Wellness

Juicing vs. blending

March 8, 2016

Spring is just around the corner, which means a greater variety of seasonal fruits and vegetables will be available for purchase very soon. The emergence of spring also marks a great opportunity to do some ‘spring cleansing,’ getting rid of the toxins built up over the winter and making room for the fresh nutrients that smoothies and juices can provide for you.

So what is the best route to go? Should you Juice or Blend?

The wonderful part of either option is that they are both tasty.

It’s well-established that increasing your intake of fruits and vegetables is good for you. The more fruits and vegetables you consume, the greater the benefits! Juicing or blending fruits and vegetables into smoothies can be one easy way to get your daily servings in.

There’s a lot of talk these days about the health benefits of juicing and blending. But what’s the difference?

Juicing is a process where the liquid part of the fruit or vegetable is separated from the pulp, or fiber. You get a thin and concentrated liquid product that contains vitamins, minerals, and other phytonutrients, which are bioactive plant-derived compounds associated with positive health effects. You specifically need a juicer to do this.One can get many calories from sugar in that one cup of juice. Juicing can also be more expensive, as you have to use a greater volume of produce.

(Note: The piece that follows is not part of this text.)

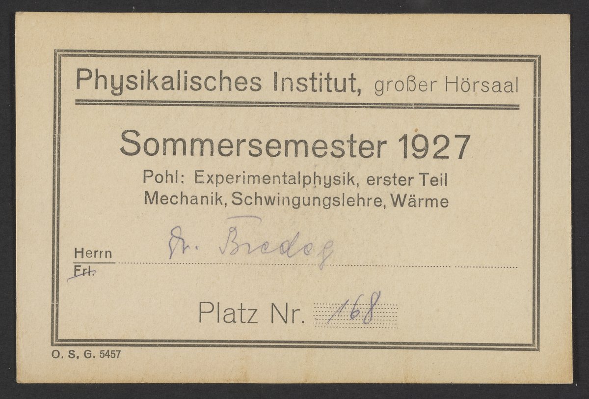 Physikalisches Institut. “Placeholder for a Summer Semester Lecture at the Physikalisches Institut,” 1927. Papers of Georg and Max Bredig, Box 3, Folder 5. Science History Institute. Philadelphia. https://digital.sciencehistory.org/works/jkfmul3.

With blending, the whole fruit or vegetable is used: what you put in the blender is what you consume. The volume of the drink, which is often called a smoothie, will be much greater than that of a juice made from the same amount of fruits or vegetables. With smoothies you retain the fiber, which can help you feel fuller and improve your digestive health. In addition, you can add other types of foods to smoothies like nuts, seeds, and yogurts to increase your intake of healthy protein and fats.

Why is fibre important?

  • Smooths out digestion and absorption of glucose and fats in the small intestine.  It reduces the Glycaemic Index of a meal.
  • Provides fuel for the healthful or “good” bacteria in our large intestine, which in turn benefit us by making vitamin B12 and by releasing volatile fatty acids from the dietary fibre, which are important for the health of our colon.
  • Speeds up transit though the intestines to remove waste and toxins from our bodies.
  • Regulates bowel action, thereby reducing cancer risks.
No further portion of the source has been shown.